Exercise objective
Make an exact copy of the records, omitting all images.

[Dataset records]
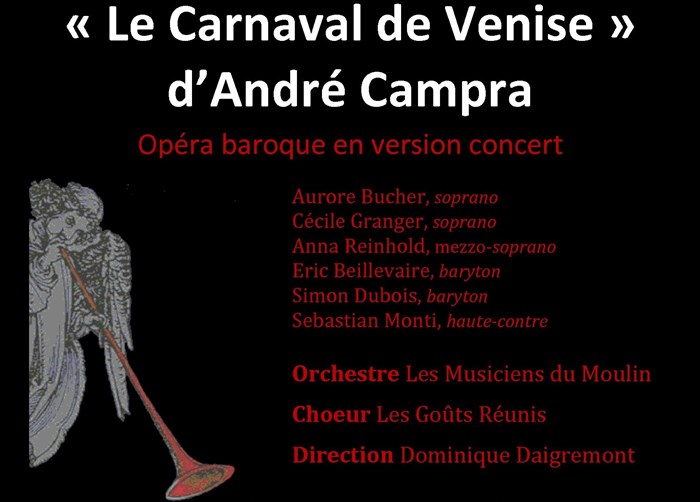 Le concert des 20 ans des Goûts Réunis, une structure originale qui rassemble cette année de grands solistes, le jeune orchestre des Musiciens du Moulin et le choeur des Goûts Réunis pour un joyeux opéra baroque : Le Carnaval de Venise".
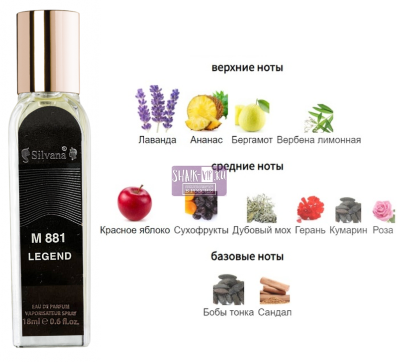 Элегантный и современный парфюм SILVANA M881 LEGEND является воплощением силы и чувственной мужественности. Группа ароматов: фужерные. Верхние ноты: бергамот, лаванда, цитрусы. Ноты сердца: белый кедр, жасмин, роза. Базовые ноты: бобы тонка, дубовый мох, сандал. Аромат – это часть жизни, возможность самовыразиться и привлечь внимание.
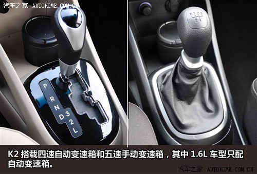 主要舒适性配置:在K2的高配车型上配有电动天窗、电动后视镜调节、驾驶席座椅高度调节、驾驶席座椅扶手、自发光仪表盘等;仅顶配车型上配有皮质座椅、皮质方向盘(带音响控制)、前排中央扶手杂物盒、后排座椅6:4分离放倒、智能钥匙/一键启动等。
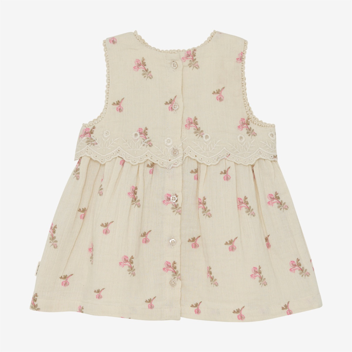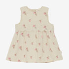 Sleeveless dress from Minymo. The dress features an all-over print and embroidery detailing around the chest. The dress is made from 100% cotton.
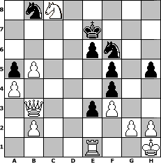 game notation in PGN-format [Event "Sommerpausen-F"] [Site "www.myChess.de"] [Date "2013.07.07"] [Round "1"] [White "reisender"] [Black "lotchi"] [ECO "B20"] [WhitemyELO "1410"] [BlackmyELO "1185"] [Result "1-0"] [TimeControl "10/2592000"] [WhiteDays "88"] [BlackDays "67"] [MyChessNo "89180"] 1. e4 c5 2. d4 d5 3. Be3 dxe4 4. c3 cxd4 5. Bxd4 Nc6 6. Bb5 Bd7 7. Nd2 f5 8. Bc5 a6 9. Bc4 Nf6 10. Ne2 e6 11. Bxf8 Kxf8 12. O-O b5 13. Bb3 a5 14. Nf4 Qe7 15. f3 g5 16. c4 gxf4 17. cxb5 Nb8 18. a4 h5 19. Nc4 Qc5+ 20. Kh1 e3 21. Rc1 Ke7 22. Re1 Rc8 23. Rc2 Qb4 24. Nb6 Ra7 25. Nxc8+ Kd8 26. Nxa7 Qxb3 27. Rc8+ Ke7 28. Qxb3 Bxc8 29. Nxc8+ 1-0 position notation in FEN-format 1nN5/4k3/4pn2/pP3p1p/P4p2/1Q2pP2/1P4PP/4R2K - - - 0 29 Captured white pieces: Captured black pieces: Click on a captured piece in order to display the desired move!
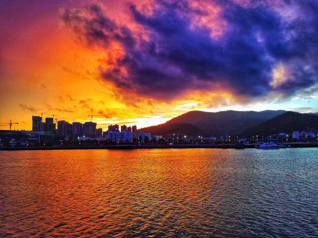 天色慢慢暗去,天空出现了火烧云,海平面上一半夕阳,一半蓝天。这般美景瞬间将这次旅程推向了高潮。我激动的心似乎要跳出来了。
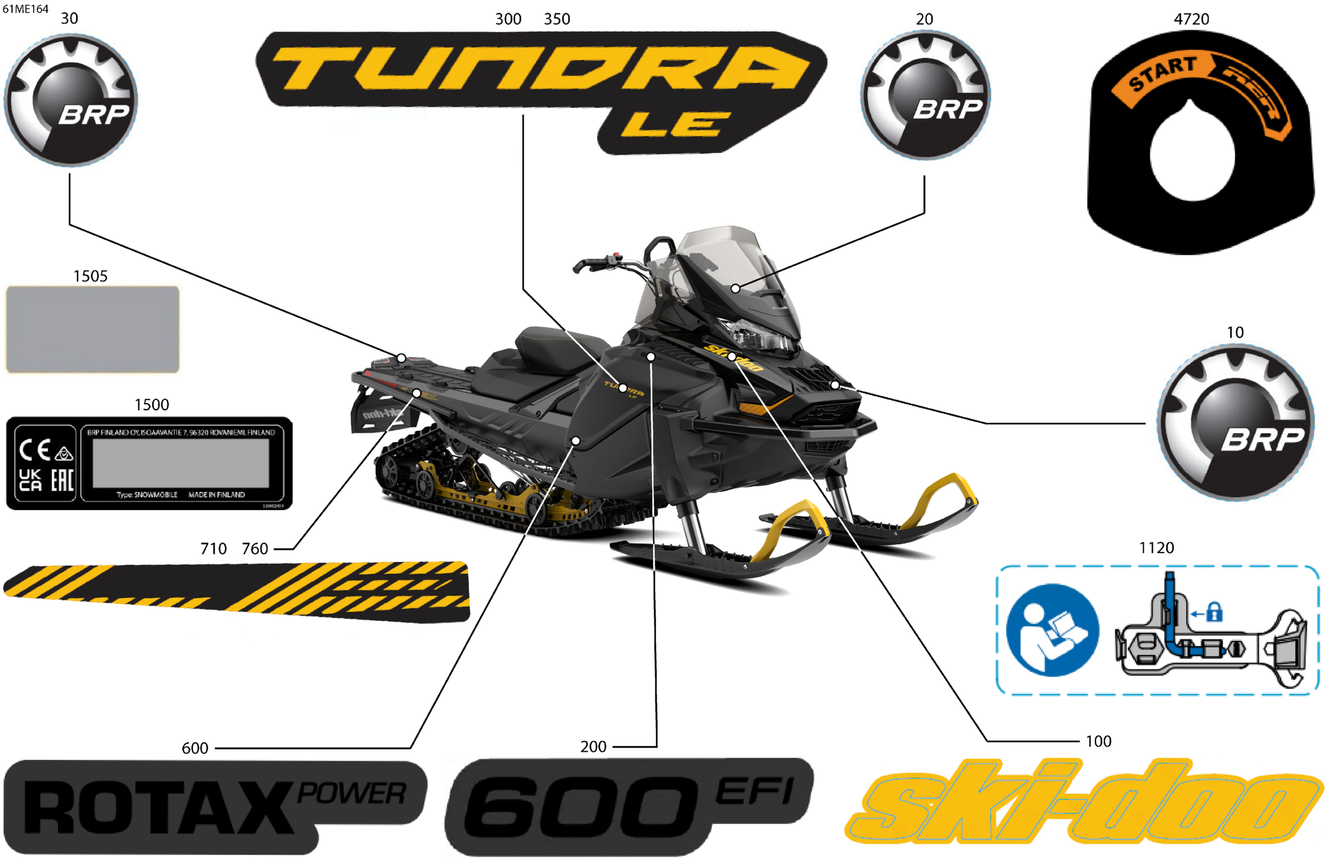 Ski-Doo Europe - TUNDRA - 600 EFI - LE - GDSA - Deep Black - 154X16X1.5CH Track - 2025 07- Body - Decals Diagram
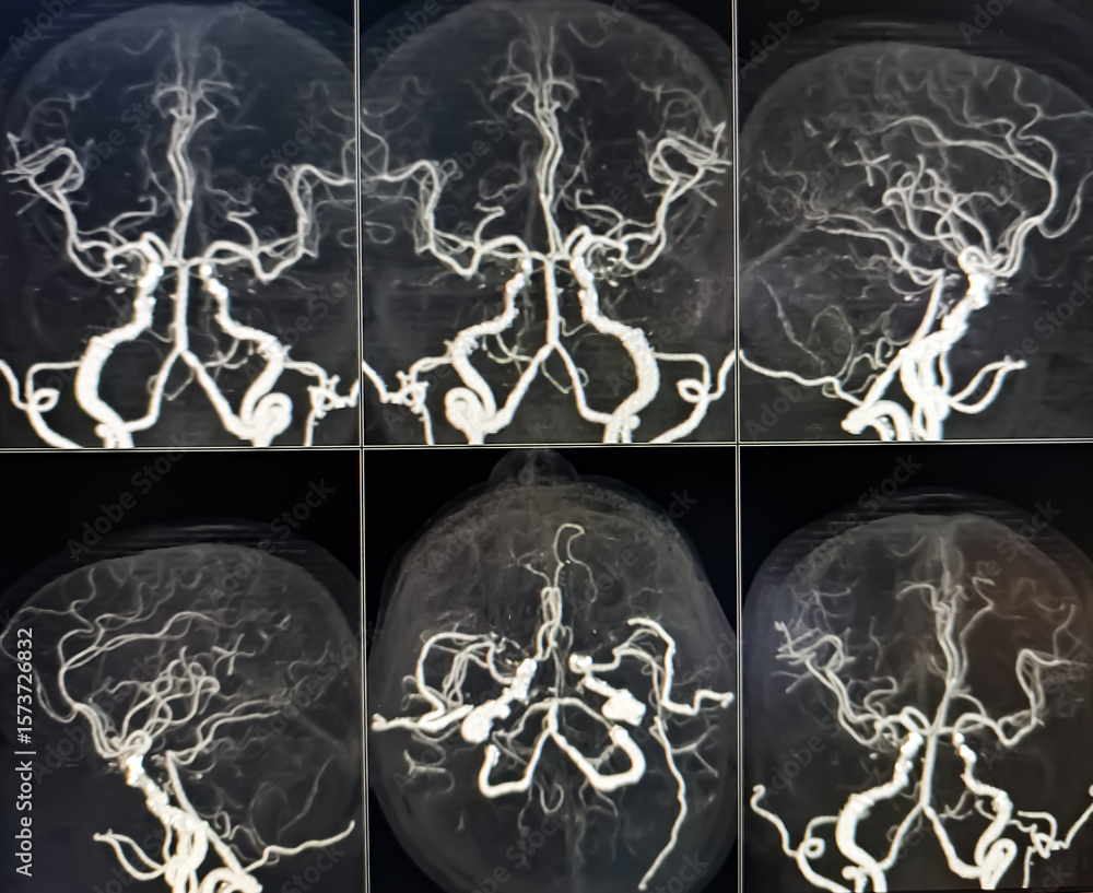 MRI of brain and MRA. CT Angiogram Brain showing anterior communicatting artery small dilatation, saccular aneurism. Hypoplasia of A1 segment. Cerebral atrophy.
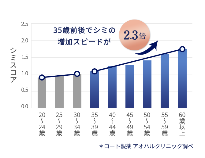 - ※2加速とは、シミスコアを測定し、縦軸をシミスコア、横軸を年齢としたときの傾きの増加こと

Expected answer
 Le concert des 20 ans des Goûts Réunis, une structure originale qui rassemble cette année de grands solistes, le jeune orchestre des Musiciens du Moulin et le choeur des Goûts Réunis pour un joyeux opéra baroque : Le Carnaval de Venise".
 Элегантный и современный парфюм SILVANA M881 LEGEND является воплощением силы и чувственной мужественности. Группа ароматов: фужерные. Верхние ноты: бергамот, лаванда, цитрусы. Ноты сердца: белый кедр, жасмин, роза. Базовые ноты: бобы тонка, дубовый мох, сандал. Аромат – это часть жизни, возможность самовыразиться и привлечь внимание.
 主要舒适性配置:在K2的高配车型上配有电动天窗、电动后视镜调节、驾驶席座椅高度调节、驾驶席座椅扶手、自发光仪表盘等;仅顶配车型上配有皮质座椅、皮质方向盘(带音响控制)、前排中央扶手杂物盒、后排座椅6:4分离放倒、智能钥匙/一键启动等。
 Sleeveless dress from Minymo. The dress features an all-over print and embroidery detailing around the chest. The dress is made from 100% cotton.
 game notation in PGN-format [Event "Sommerpausen-F"] [Site "www.myChess.de"] [Date "2013.07.07"] [Round "1"] [White "reisender"] [Black "lotchi"] [ECO "B20"] [WhitemyELO "1410"] [BlackmyELO "1185"] [Result "1-0"] [TimeControl "10/2592000"] [WhiteDays "88"] [BlackDays "67"] [MyChessNo "89180"] 1. e4 c5 2. d4 d5 3. Be3 dxe4 4. c3 cxd4 5. Bxd4 Nc6 6. Bb5 Bd7 7. Nd2 f5 8. Bc5 a6 9. Bc4 Nf6 10. Ne2 e6 11. Bxf8 Kxf8 12. O-O b5 13. Bb3 a5 14. Nf4 Qe7 15. f3 g5 16. c4 gxf4 17. cxb5 Nb8 18. a4 h5 19. Nc4 Qc5+ 20. Kh1 e3 21. Rc1 Ke7 22. Re1 Rc8 23. Rc2 Qb4 24. Nb6 Ra7 25. Nxc8+ Kd8 26. Nxa7 Qxb3 27. Rc8+ Ke7 28. Qxb3 Bxc8 29. Nxc8+ 1-0 position notation in FEN-format 1nN5/4k3/4pn2/pP3p1p/P4p2/1Q2pP2/1P4PP/4R2K - - - 0 29 Captured white pieces: Captured black pieces: Click on a captured piece in order to display the desired move!
 天色慢慢暗去,天空出现了火烧云,海平面上一半夕阳,一半蓝天。这般美景瞬间将这次旅程推向了高潮。我激动的心似乎要跳出来了。
 Ski-Doo Europe - TUNDRA - 600 EFI - LE - GDSA - Deep Black - 154X16X1.5CH Track - 2025 07- Body - Decals Diagram
 MRI of brain and MRA. CT Angiogram Brain showing anterior communicatting artery small dilatation, saccular aneurism. Hypoplasia of A1 segment. Cerebral atrophy.
 - ※2加速とは、シミスコアを測定し、縦軸をシミスコア、横軸を年齢としたときの傾きの増加こと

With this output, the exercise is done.